Tanzania es conocida por la gran diversidad de aves que alberga. Según distintas fuentes, en el mundo existen casi 11.000 especies; solo en Tanzania se registran alrededor de 1.100, es decir, cerca del 10 % de la diversidad mundial de aves. Para la observación ornitológica, el país es un territorio excepcional.
Al recorrer Tanzania, conviene empezar por los parques nacionales más conocidos del norte, cerca de la ciudad de Arusha, la capital turística del país. Aquí se concentran la mejor infraestructura, los itinerarios de viaje más consolidados, los hoteles más cómodos y el mayor número de observaciones registradas, en parte por el gran flujo de viajeros, entre ellos muchos aficionados a las aves. Incluso al consultar los 10 mejores lugares para observar aves en Tanzania, se aprecia que la mayoría son parques nacionales y reservas del norte del país, con 500-600 especies registradas en cada uno.
Parque Nacional del Serengeti
El Serengeti es el corazón de las áreas protegidas de fauna salvaje en África oriental. El parque se extiende por las amplias llanuras de la meseta central, entre el lago Victoria, el mayor de África, y el Gran Valle del Rift. Grandes ríos cruzan las llanuras de oeste a este: el Mbalageti, el ramificado Grumeti y, en el extremo norte, el Mara. Aquí tiene lugar la legendaria gran migración, el movimiento circular de millones de antílopes y cebras, tan fascinante como extraordinariamente fotogénico.
Un observador minucioso puede encontrar aquí entre 600 y 700 especies de aves. En ningún otro lugar de Tanzania, ni de la vecina Kenia, se concentran tantas especies en un mismo entorno. El único espacio de África capaz de competir con el Serengeti es el Parque Nacional Queen Elizabeth, en Uganda. La ventaja del Serengeti es que está rodeado por otras áreas de fauna salvaje de gran biodiversidad, con aún más posibilidades para la observación de aves.

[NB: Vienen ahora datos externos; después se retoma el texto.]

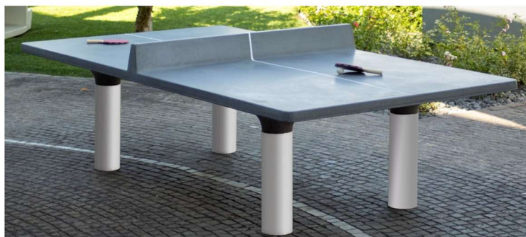
TENIS DE MASĂ

Aquí se pueden observar varias decenas de rapaces, como el pigargo vocinglero (Haliaeetus vocifer). Se alimenta de peces, ibis, cigüeñas, flamencos y otras aves acuáticas, e incluso de crías de varanos y cocodrilos. También es posible encontrar águilas marciales (Polemaetus bellicosus), cuyas presas incluyen liebres, damánes, monos, chacales y antílopes jóvenes o de menor tamaño, además de más de 90 especies de mamíferos en total. El Serengeti alberga también avestruces, turacos, turacos grises, garzas y chotacabras, loros e inseparables, picabueyes, suimangas y muchísimas otras aves. Por desgracia, muchas especies figuran ya en alguna categoría de amenaza.

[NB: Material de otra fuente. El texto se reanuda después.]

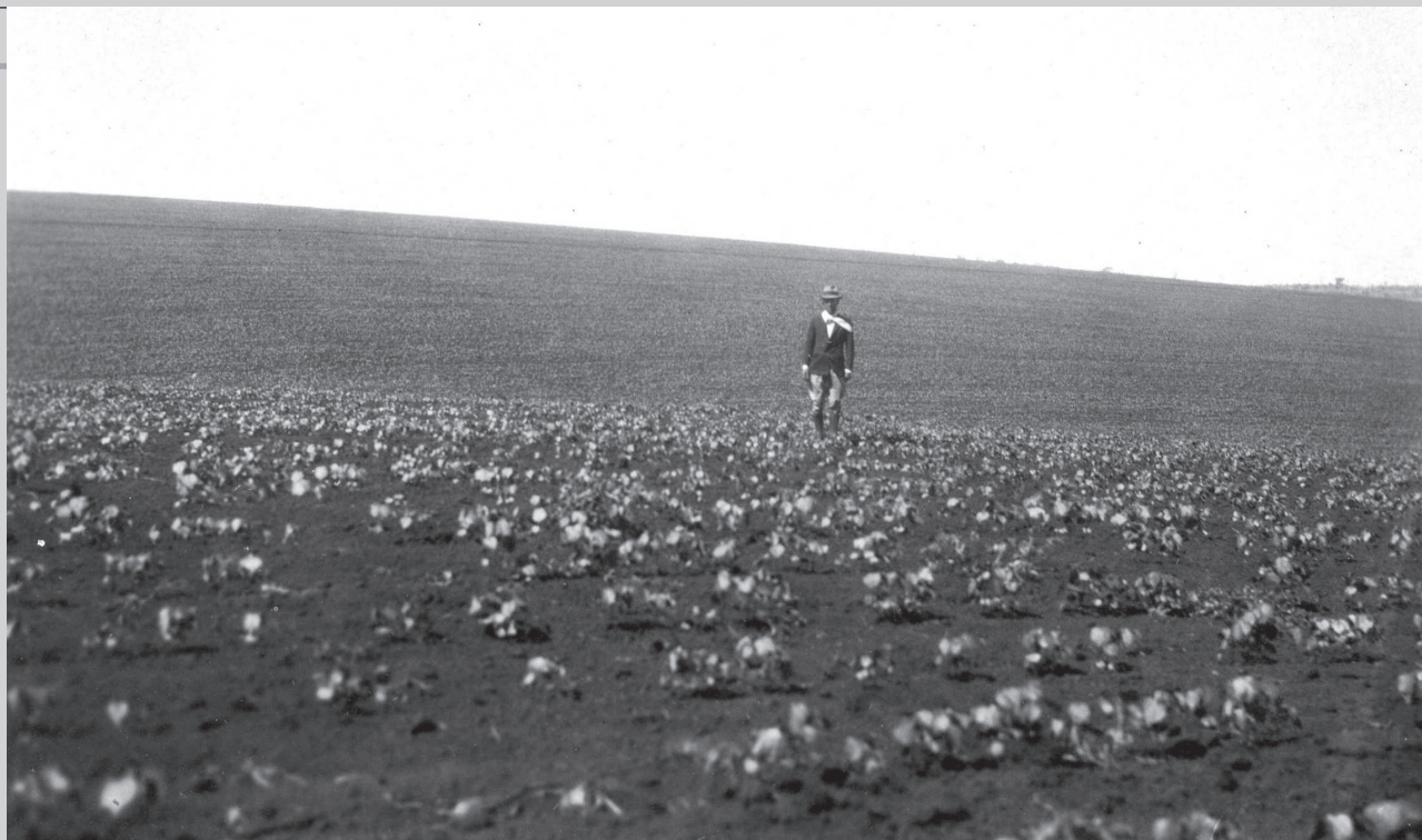
1934: algodoeiros predominavam nas terras de Avaré.

“Grandes fortunas foram feitas e desfeitas numa rapidez como nunca se viu. Tínhamos então uma agroindústria que ocupava não só nossa mão-de-obra chegando a formar uma mão-de-obra industrial”, observou.

Aproximadamente una cuarta parte de todas las especies son migratorias y llegan desde otras regiones del mundo. Los observadores de aves pueden reencontrarse aquí con viejos conocidos. Entre las especies más habituales del Serengeti familiares para los europeos están el correlimos menudo (Calidris minuta) y la cigüeña blanca (Ciconia ciconia), que viajan a África durante los meses considerados fríos en Europa.
Tal vez la larga ruta migratoria de las elegantes cigüeñas blancas alimentó las leyendas populares sobre cigüeñas que traían bebés desde algún lugar lejano. En la época en que la esclavitud estaba extendida, a los hijos de personas africanas esclavizadas se les contaba que los niños blancos los traían las cigüeñas y que los bebés negros nacían de huevos de busardo. Por desgracia, los prejuicios humanos vienen de lejos. Estas leyendas, sin embargo, muestran que las personas ya percibían que las aves migraban entre continentes. Las cigüeñas, en particular, ayudaron a comprenderlo. En 1822 se encontró en Alemania una cigüeña con una flecha africana de 75 cm clavada en la garganta. El alemán incluso cuenta con una palabra específica para estas cigüeñas: pfeilstorch. En Europa se han documentado unos 25 casos de cigüeñas atravesadas por flechas.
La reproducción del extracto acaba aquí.